The full set of entries is to be printed exactly, with pictures excluded.

# # # # #

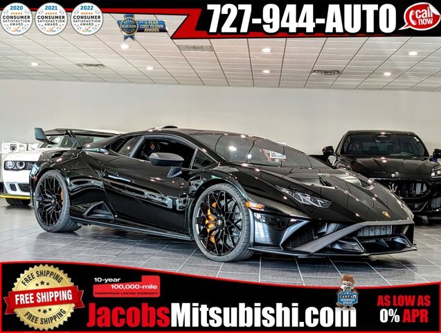 ***1 OWNER CLEAN CARFAX REPORT******NERO NOCTIS BLACK EXTERIOR WITH NERO COSMUS/ARANCIO ORANGE INTERIOR******631HP 5.2L V10 ENGINE WITH 7 SPEED AUTOMATED TRANSMISSION RWD******MAINTENANCE 3 YEAR PACKAGE FROM LAMBORGHINI******FRONT LIFTING SYSTEM******HEK 20 INCH FORGED CENTERLOCK WHEELS******TRAVEL PACKAGE******BI COLOR SPORT SEATS******SPORTIVO STO TRIM******CCMR BRAKE CALIPERS IN ARANCIO ORANGE******SEAT BELTS IN ARANCIO ORANGE***CARFAX One-Owner. Clean CARFAX. 2D Coupe, 5.2L V10, 7-Speed Manual, RWD, Nero Noctis Metallic, Nero Cosmus/Arancio Dryope w/Sportivo Alcantara Bicolor Seat Trim, 12V Plug w/Lighter, 4 Speakers, 4-Wheel Disc Brakes, ABS brakes, Adaptive suspension, Air Conditioning, Alloy wheels, AM/FM radio, Apple CarPlay/Android Auto, Auto-dimming Rear-View mirror, Automatic temperature control, CCMR Orange Brake Calipers, Central Lock in Black, Ceramic disc brakes: front and rear, Cup Holder & Ash Tray, Digital Audio Broadcasting (DAB), Driver vanity mirror, Dual front impact airbags, Dual front side impact airbags, Electronic Stability Control, Exterior Parking Camera Rear, Floor Mats in Aluminum, Four wheel independent suspension, Front anti-roll bar, Front Bucket Seats, Front Center Armrest, Front dual zone A/C, Front reading lights, Fully automatic headlights, Garage door transmitter, Headlight cleaning, Heated door mirrors, Illuminated entry, Lamborghini Smartphone Interface, Lifting System, Low tire pressure warning, Navigation System, Occupant sensing airbag, Outside temperature display, Passenger vanity mirror, Power door mirrors, Power steering, Power windows, Radio data system, Radio: Lamborghini Touch-Screen Infotainment System, Rear anti-roll bar, Remote keyless entry, Seat Belts - Arancio Leonis, Speed-sensing steering, Spoiler, Sport Seats, Sport steering wheel, Sportivo Alcantara Bicolor Seat Trim, Tachometer, Telescoping steering wheel, Tilt steering wheel, Traction control, Travel Nets, Travel Package, Trip computer, Variably intermittent wipers, Voltmeter, Wheels: 20 x 8.5J Fr & 20 x 11J Rr Matt Black.Nero Noctis Metallic 2023 Lamborghini Huracan STO RWD 5.2L V10Odometer is 774 miles below market average!Here at Jacobs Mitsubishi our goal is to make you a customer for life. We want you to have the most enjoyable car buying experience possible . All prices displayed do not include additional accessories or fees and costs of closing including any government, additional packages applied to vehicle, including but not limited to Jacobs Care, Reconditioning fees,federal, dealer fees, taxes, registration, dealer document, cost of accessories, emissions testing, or any other fees. All prices, specifications and availability are subject to change at any time, without notice. Not all applicants will be approved, offers may change at any time and may not reflect accuracy online, see dealer for most updated offers. Not all offers can be combined. Applicant may qualify for partial discount displayed by financing with another approved lender through and provided by Jacobs Mitsubishi. Contact dealer for most current information, availability, or details.
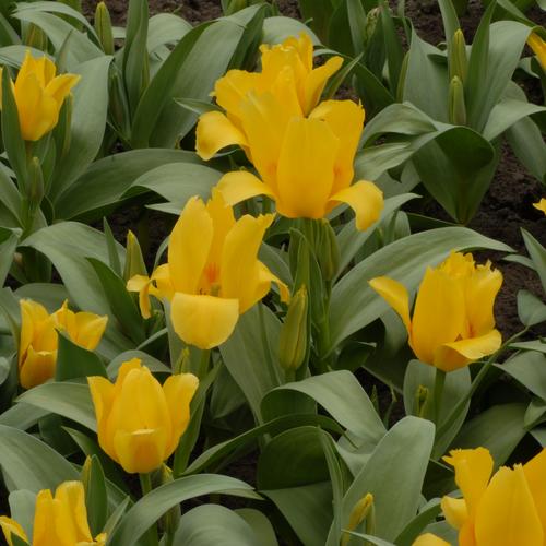 Тюльпан Gele Compostella - небольшое декоративное растение средней высотой 25 см. Стебли светло-зеленые, тонкие. Листья зеленые с серебристым оттенком, однотонные. Цветки чисто-желтые, у основания оранжевые, слабомахровые.
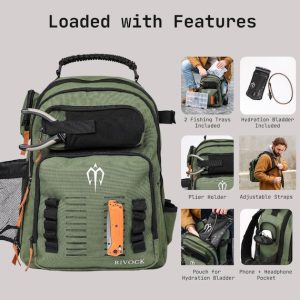 RIVOCK Fishing Tackle Backpack: Insulated Cooler, 2 Tackle Boxes, Hydration Bladder, Rod Holders
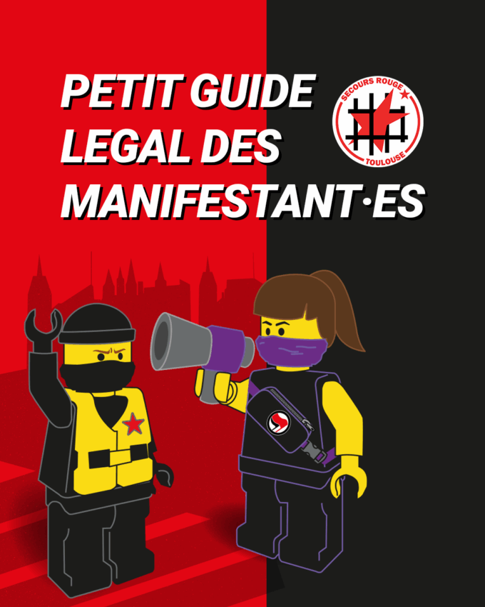 Pour le 22 novembre à Toulouse, voici les noms d’avocates disponibles en cas d’arrestations : Charlotte Cambon, Océane Chotel et Antoine Ramognino. Pour désigner un·e avocat·e en garde à vue, vous avez juste besoin de son nom et son barreau. Vous pouvez désigner un de ces avocat·es du barreau de Toulouse. Si absent·es, prenez le/la commis d’office et on n’oublie pas : on a rien à déclarer ! Voir aussi notre « Petit guide légal des manifestant·es ».
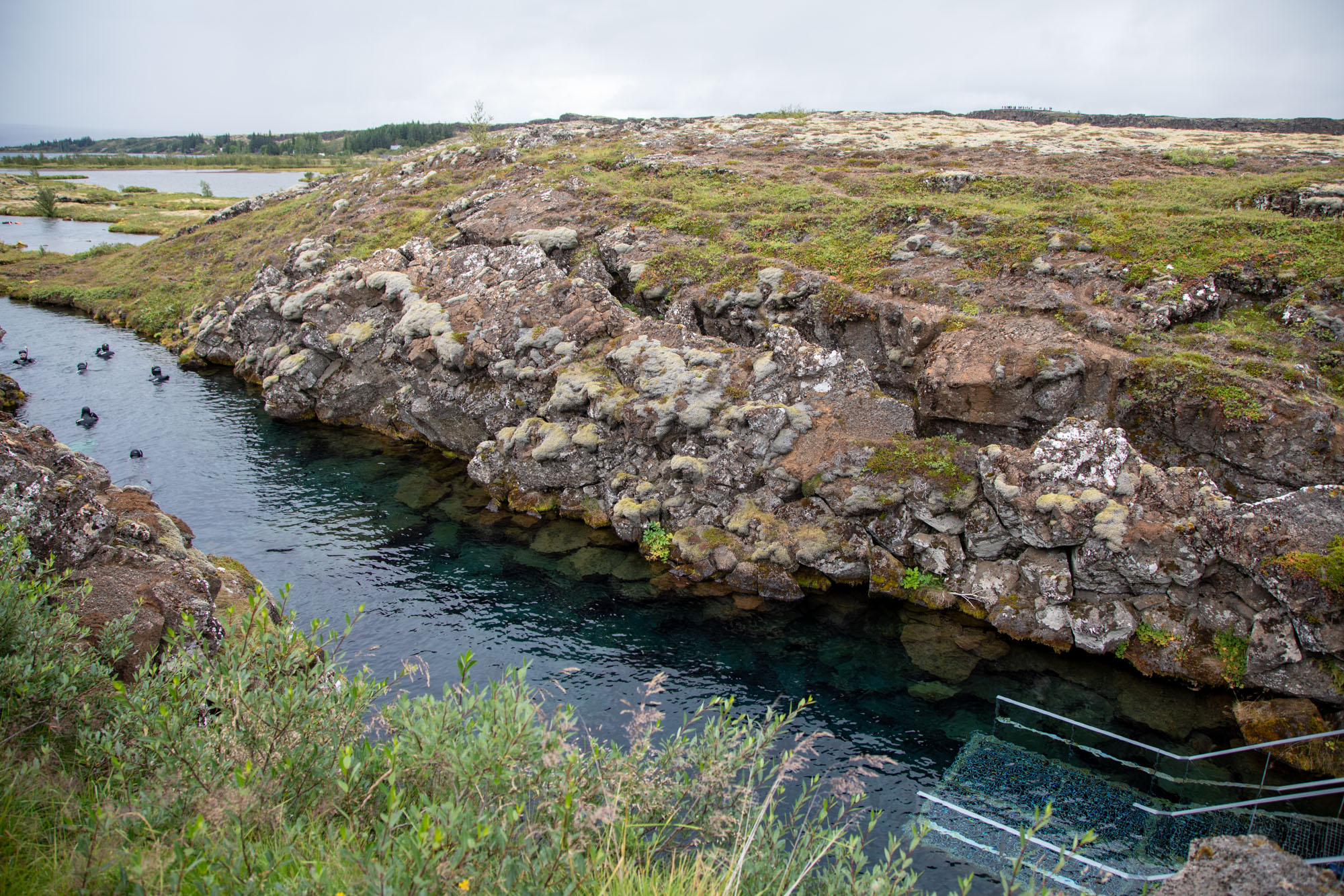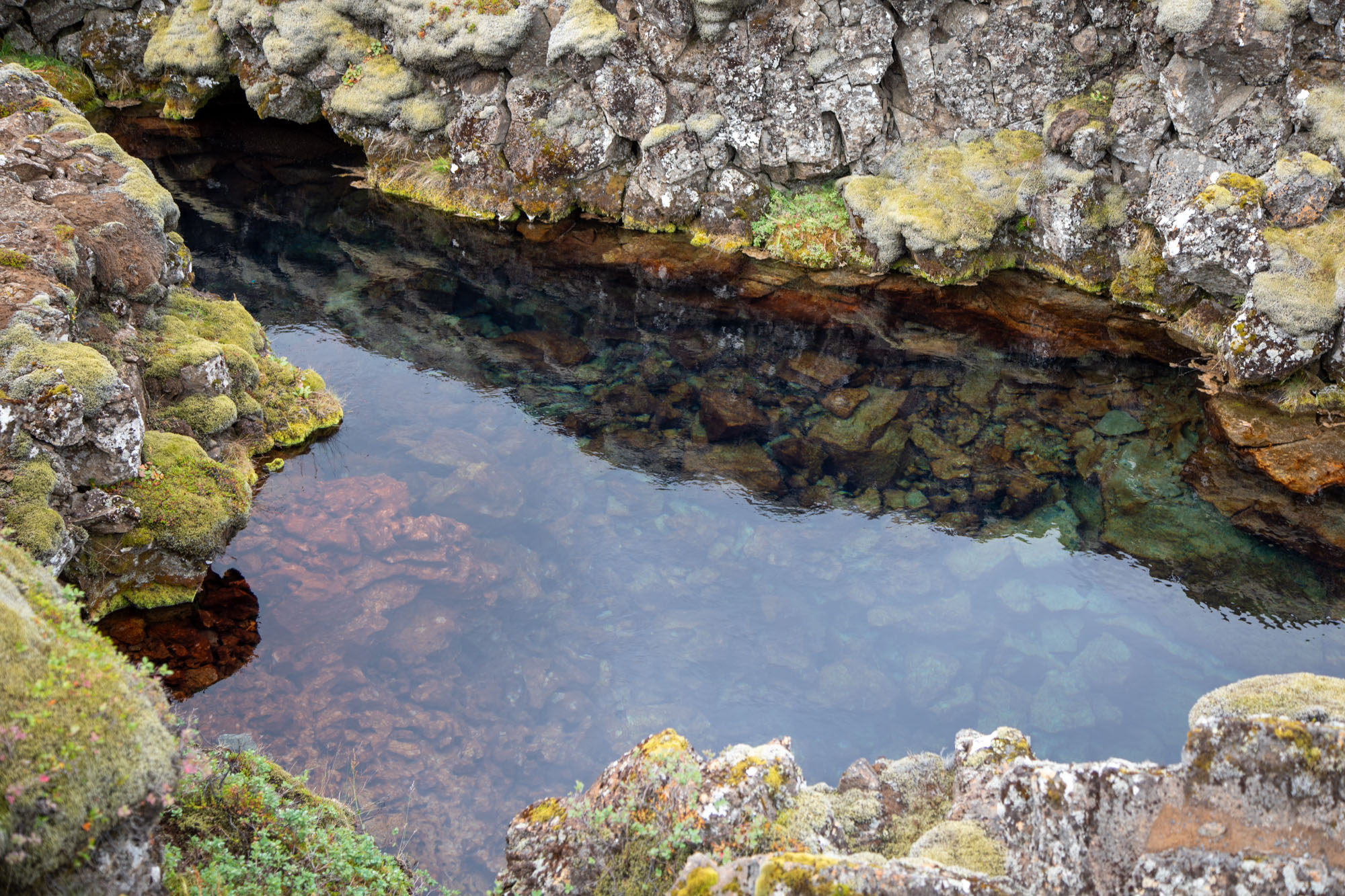 On arrive à la faille de Silfra, connue comme un des meilleurs spots de plongée du monde du fait d’exceptionnelle transparence de l’eau qui s’écoule entre les deux plaques continentales, ce qui a une grande valeur symbolique. Le prix de l’activité est quand même de plus de 160e par personne alors on n’était pas sur d’y aller, on n’est pas très motivé de payer si cher pour avoir très froid… On se laisse convaincre mais finalement il n’y a pas de combinaisons à ma taille donc on se dit que l’on fera cette activité lors d’un prochain voyage en Islande. Depuis la surface l’eau est en tout cas déjà capable d’apercevoir la pureté de l’eau.

# # # # #

● **Reply**:
 ***1 OWNER CLEAN CARFAX REPORT******NERO NOCTIS BLACK EXTERIOR WITH NERO COSMUS/ARANCIO ORANGE INTERIOR******631HP 5.2L V10 ENGINE WITH 7 SPEED AUTOMATED TRANSMISSION RWD******MAINTENANCE 3 YEAR PACKAGE FROM LAMBORGHINI******FRONT LIFTING SYSTEM******HEK 20 INCH FORGED CENTERLOCK WHEELS******TRAVEL PACKAGE******BI COLOR SPORT SEATS******SPORTIVO STO TRIM******CCMR BRAKE CALIPERS IN ARANCIO ORANGE******SEAT BELTS IN ARANCIO ORANGE***CARFAX One-Owner. Clean CARFAX. 2D Coupe, 5.2L V10, 7-Speed Manual, RWD, Nero Noctis Metallic, Nero Cosmus/Arancio Dryope w/Sportivo Alcantara Bicolor Seat Trim, 12V Plug w/Lighter, 4 Speakers, 4-Wheel Disc Brakes, ABS brakes, Adaptive suspension, Air Conditioning, Alloy wheels, AM/FM radio, Apple CarPlay/Android Auto, Auto-dimming Rear-View mirror, Automatic temperature control, CCMR Orange Brake Calipers, Central Lock in Black, Ceramic disc brakes: front and rear, Cup Holder & Ash Tray, Digital Audio Broadcasting (DAB), Driver vanity mirror, Dual front impact airbags, Dual front side impact airbags, Electronic Stability Control, Exterior Parking Camera Rear, Floor Mats in Aluminum, Four wheel independent suspension, Front anti-roll bar, Front Bucket Seats, Front Center Armrest, Front dual zone A/C, Front reading lights, Fully automatic headlights, Garage door transmitter, Headlight cleaning, Heated door mirrors, Illuminated entry, Lamborghini Smartphone Interface, Lifting System, Low tire pressure warning, Navigation System, Occupant sensing airbag, Outside temperature display, Passenger vanity mirror, Power door mirrors, Power steering, Power windows, Radio data system, Radio: Lamborghini Touch-Screen Infotainment System, Rear anti-roll bar, Remote keyless entry, Seat Belts - Arancio Leonis, Speed-sensing steering, Spoiler, Sport Seats, Sport steering wheel, Sportivo Alcantara Bicolor Seat Trim, Tachometer, Telescoping steering wheel, Tilt steering wheel, Traction control, Travel Nets, Travel Package, Trip computer, Variably intermittent wipers, Voltmeter, Wheels: 20 x 8.5J Fr & 20 x 11J Rr Matt Black.Nero Noctis Metallic 2023 Lamborghini Huracan STO RWD 5.2L V10Odometer is 774 miles below market average!Here at Jacobs Mitsubishi our goal is to make you a customer for life. We want you to have the most enjoyable car buying experience possible . All prices displayed do not include additional accessories or fees and costs of closing including any government, additional packages applied to vehicle, including but not limited to Jacobs Care, Reconditioning fees,federal, dealer fees, taxes, registration, dealer document, cost of accessories, emissions testing, or any other fees. All prices, specifications and availability are subject to change at any time, without notice. Not all applicants will be approved, offers may change at any time and may not reflect accuracy online, see dealer for most updated offers. Not all offers can be combined. Applicant may qualify for partial discount displayed by financing with another approved lender through and provided by Jacobs Mitsubishi. Contact dealer for most current information, availability, or details.
 Тюльпан Gele Compostella - небольшое декоративное растение средней высотой 25 см. Стебли светло-зеленые, тонкие. Листья зеленые с серебристым оттенком, однотонные. Цветки чисто-желтые, у основания оранжевые, слабомахровые.
 RIVOCK Fishing Tackle Backpack: Insulated Cooler, 2 Tackle Boxes, Hydration Bladder, Rod Holders
 Pour le 22 novembre à Toulouse, voici les noms d’avocates disponibles en cas d’arrestations : Charlotte Cambon, Océane Chotel et Antoine Ramognino. Pour désigner un·e avocat·e en garde à vue, vous avez juste besoin de son nom et son barreau. Vous pouvez désigner un de ces avocat·es du barreau de Toulouse. Si absent·es, prenez le/la commis d’office et on n’oublie pas : on a rien à déclarer ! Voir aussi notre « Petit guide légal des manifestant·es ».
 On arrive à la faille de Silfra, connue comme un des meilleurs spots de plongée du monde du fait d’exceptionnelle transparence de l’eau qui s’écoule entre les deux plaques continentales, ce qui a une grande valeur symbolique. Le prix de l’activité est quand même de plus de 160e par personne alors on n’était pas sur d’y aller, on n’est pas très motivé de payer si cher pour avoir très froid… On se laisse convaincre mais finalement il n’y a pas de combinaisons à ma taille donc on se dit que l’on fera cette activité lors d’un prochain voyage en Islande. Depuis la surface l’eau est en tout cas déjà capable d’apercevoir la pureté de l’eau.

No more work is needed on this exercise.